So my roomate was sunbathing this morning on the porch with a sock covering his penis
Sounds like a really classy character....
He is classy. It was argyle.
Call me in 2 minutes and go along with what I say. You're hysterical and I must go comfort you asap. He just asked if I was ready to experience sex with a wizard and he wasnt kidding.
I was so high last night that i'm 89% sure my roommates set up an obstacle course for me and timed it. Not positive.. I think one of the challenges was pairing shoes
he thought he was parachuting out of a plane... talk about a bad trip.
I guess I gave him a 20 minute play-by-play of the first three sections of R. Kelly's 'trapped in a closet.'
after further investigation i found out he's a little bit married..
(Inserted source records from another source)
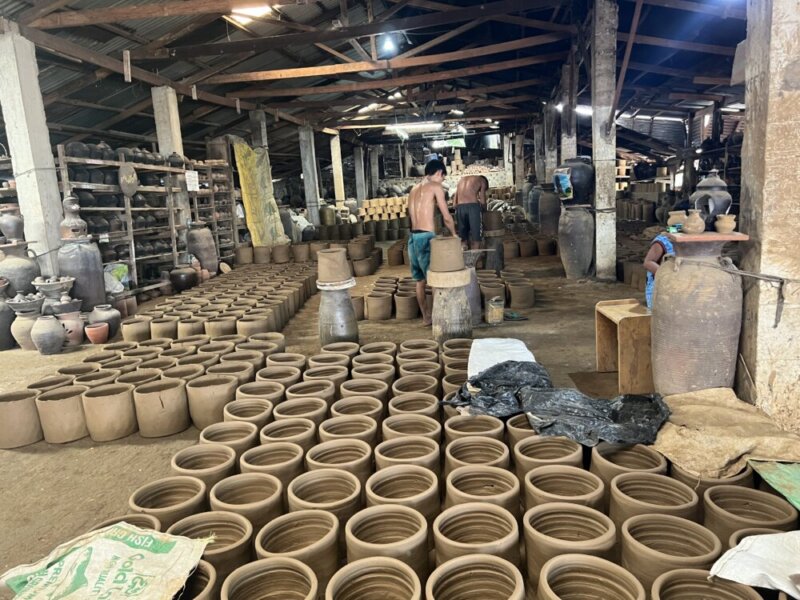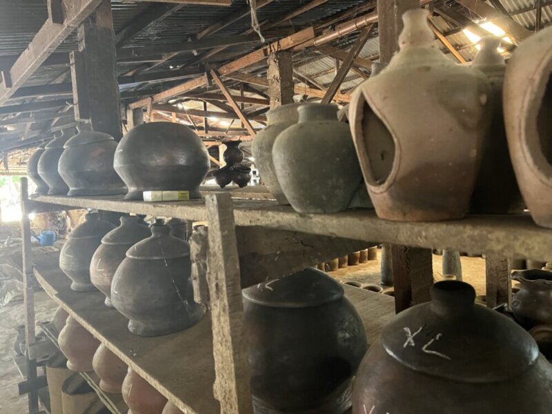 職人によって作られた陶器は、太陽の光にあてないよう日陰で3週間ほど乾燥させ釜で最低1週間は焼く。粘土から作品が完成するまでに1ヶ月ほどかかるこの製法は、中国から伝わった製法とのこと。
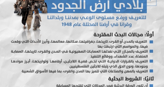 تعلن لجنة اللاجئين في حركة فتح بساحة غزة، اليوم الأحد، عن إطلاق مسابقة بحثية، تحمل عنوان "بلادي أرض الجدود".
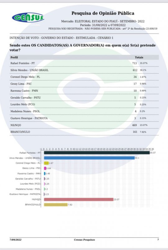 FICHA TÉCNICA - A pesquisa do Instituto Census foi contratada pelo Partido Social Democrático (PSD) e realizada entre 31 de agosto e 07 de setembro. Foram entrevistados 2.033 eleitores em 88 municípios do Piauí, distribuídos por cotas de sexo, idade, grau de instrução e renda em relação ao eleitorado total desses municípios.
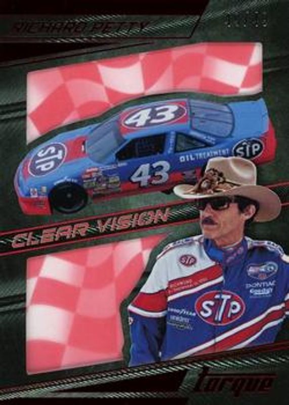 The Richard Petty 2017 Torque NASCAR #36 Clear Vision Red /49 card is 1 of 47 Richard Petty's card variations in the 2017 Torque NASCAR set being tracked by Sports Card Investor, including Base, Gold, Blue /150, Red /100, and Artist Proof /75.
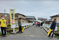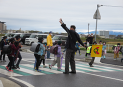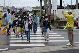 金城学区では、春の交通安全運動に合わせ、4月8日(金)、11日、13日、15日の4日間、 小、中学生の通学路の28か所の地点において、地域の方々と子ども達のあいさつ運動が行われました。 民生委員もそれぞれの地点に立ち、“愛の声掛け運動” に参加しました。 新1年生(小学校)も重い鞄を背負いながら、子どもたちの列の真ん中で、守られながら、 通学していました。
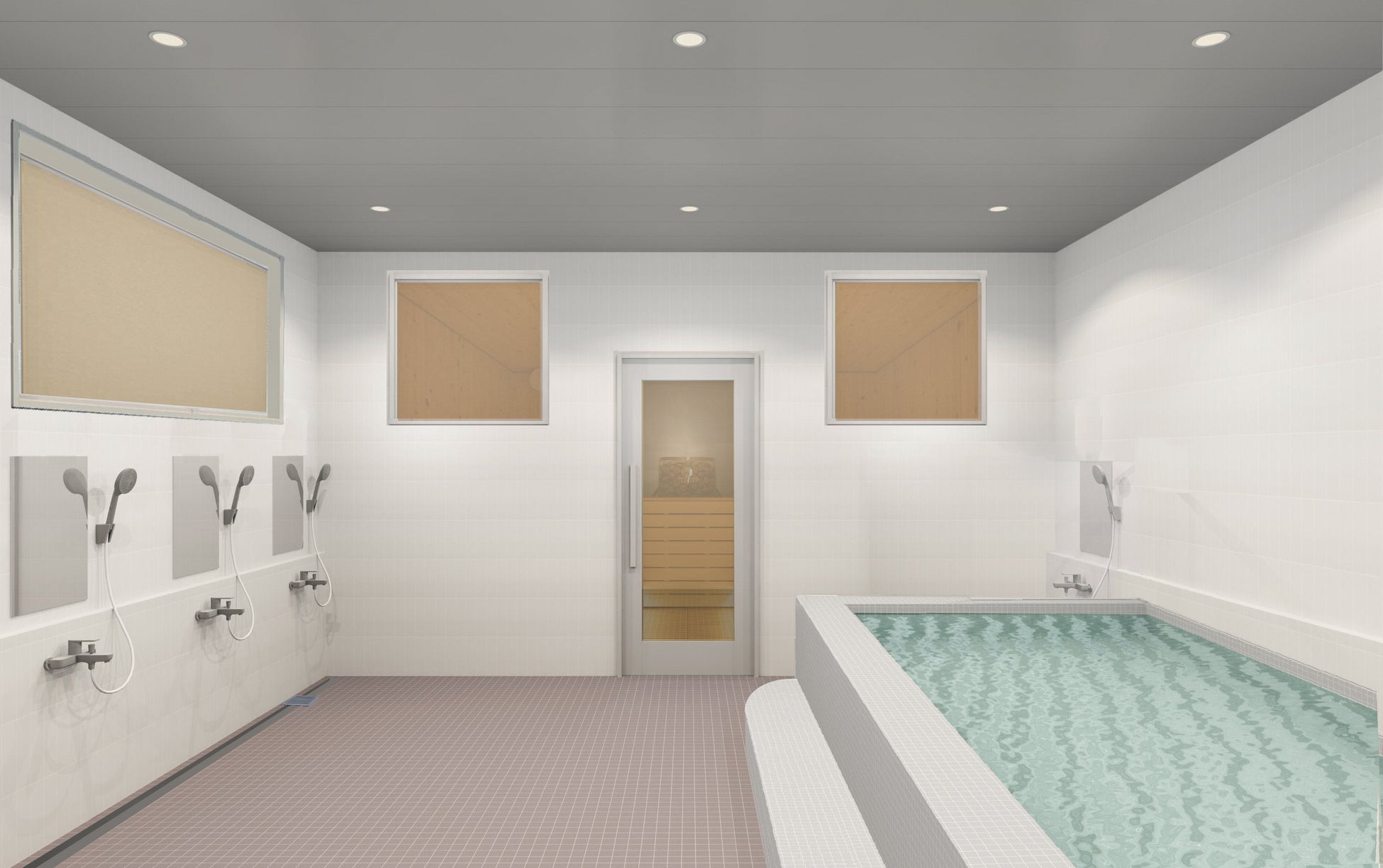 開放感のある設計で、収容人数100名と高温(常時100℃程度)サウナ室としては世界最大級※を誇ります。また、ベンチは胡坐でも問題ない奥行きにて設計しており、ゆったり広々としたサウナタイムを、お楽しみ頂けます。

It's a "nonproductive" (vocab word) cough. It's like a constant tickle in my throat, like there's a little elf with feathers for feet going Gangnam style on my "uvula" (vocab word).
Oh it's not a problem. Cleaning up the yard and disposing of 75 gallons of Jello is all I've got to look forward to today.
There's a guy here who is improvising his own shadow dance on a table against the wall, in case you're wondering how my night is going
i've now hooked up with two guys who have tattoos of their sister's names...so that's a reality i have to live with...
Well, she chose the fuckboy life or the life chose her. Not sure which one but either way I don't need that negativity in my life.
I thought we agreed to no sexting at the school bake sale...
Bootycalls can't go limp that's like against the law
Guess who just stumbled into work hungover, wearing yesterday's clothes, covered in hickeys and glitter, and carrying a giant bottle of rum in her purse.
I just took plan B at work.
This is the greatest story of all time.
My boyfriend's mom is the manager of Wendy's. The same one I took a pregnancy test in.